Happy Number easy

Problem Statement

Write an algorithm to determine if a number is a happy number.

A happy number is a number defined by the following process:

  1. Starting with any positive integer, replace the number by the sum of the squares of its digits.
  2. Repeat the process until the number equals 1 (where it will stay), or it loops endlessly in a cycle which does not include 1.
  3. Those numbers for which this process ends in 1 are happy numbers.

Example 1:

Input: n = 19 Output: true Explanation: 1² + 9² = 82 8² + 2² = 68 6² + 8² = 100 1² + 0² + 0² = 1

Example 2:

Input: n = 2 Output: false

Steps

  1. Initialize a Set: Create a Set to store the numbers encountered during the process.

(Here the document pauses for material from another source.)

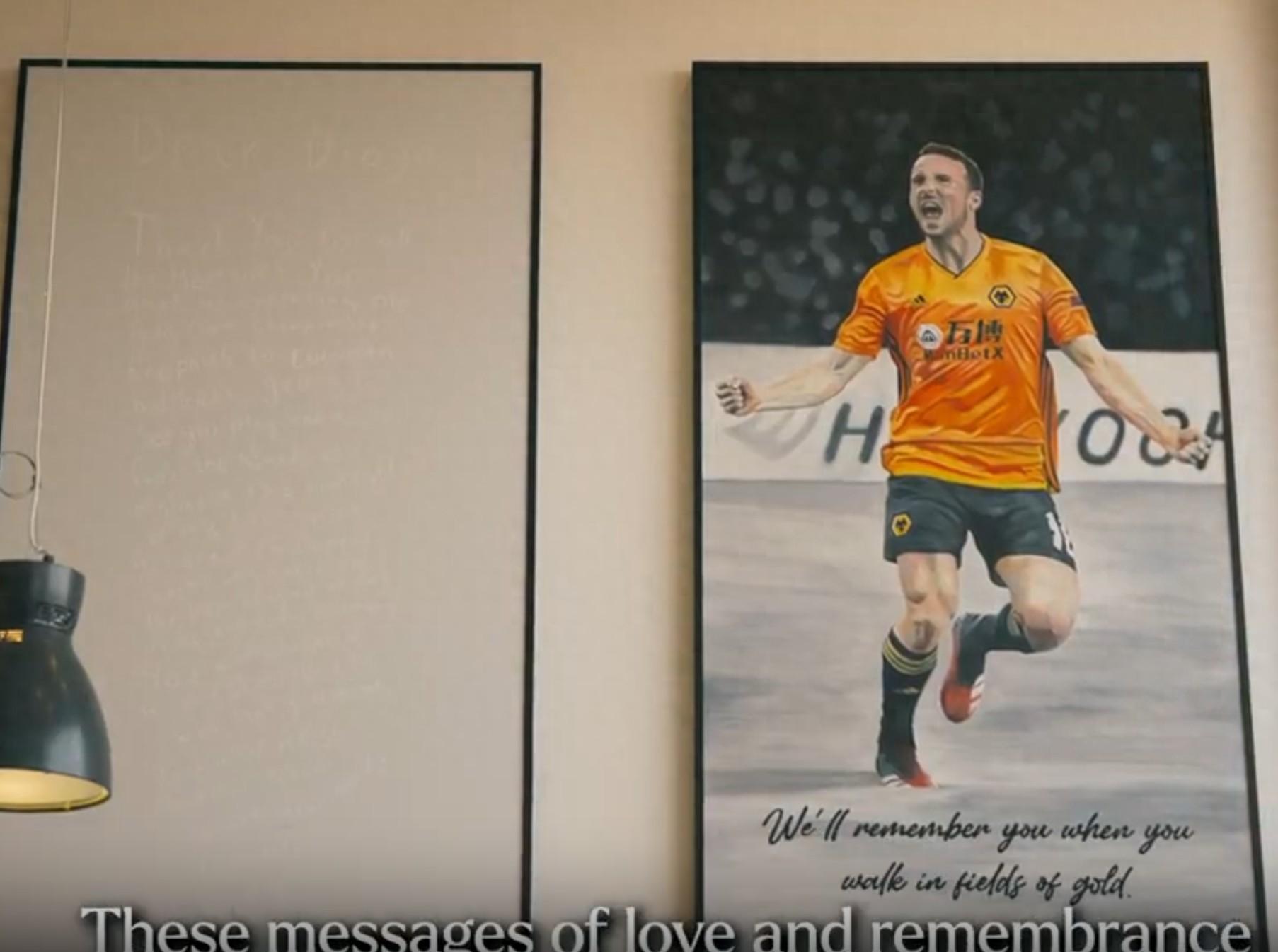 狼隊展出紀念若塔的畫作,據悉顏料由球迷悼念若塔的花朵中提取

This will help detect cycles.
  2. Iterate until 1 or cycle is detected: While the number n is not 1 and not already in the seen set:
    • Calculate the sum of the squares of its digits.
    • Add the current number n to the seen set.
    • Update n with the newly calculated sum.
  3. Return the result: If n is 1, return true (happy number). Otherwise, return false (unhappy number).

Explanation

The algorithm uses a Set to efficiently detect cycles. If a number repeats itself during the process, it means the number will loop endlessly without reaching 1, indicating an unhappy number. The Set provides constant time (O(1)) for checking if a number has already been seen. The algorithm terminates when either 1 is reached (happy number) or a cycle is detected (unhappy number).

Code (TypeScript)

function isHappy(n: number): boolean {
    const seen = new Set();

    while (n !== 1 && !seen.has(n)) {
        seen.add(n);
        n = sumOfSquaresOfDigits(n);
    }

    return n === 1;
}


function sumOfSquaresOfDigits(n: number): number {
    let sum = 0;
    while (n > 0) {
        const digit = n % 10;
        sum += digit * digit;
        n = Math.floor(n / 10);
    }
    return sum;
}


//Example usage
console.log(isHappy(19)); //true
console.log(isHappy(2));  //false

Complexity

  • Time Complexity: O(log n) - In the worst case, the number of iterations is logarithmic to the input number. This is because the sum of squares of digits generally decreases with each iteration. However, in extremely rare cases, the sequence could be longer, but it's still considered to be bounded by a logarithmic function.

  • Space Complexity: O(log n) - The space used by the seen set is proportional to the number of iterations, which is again, at most logarithmic with respect to the input number.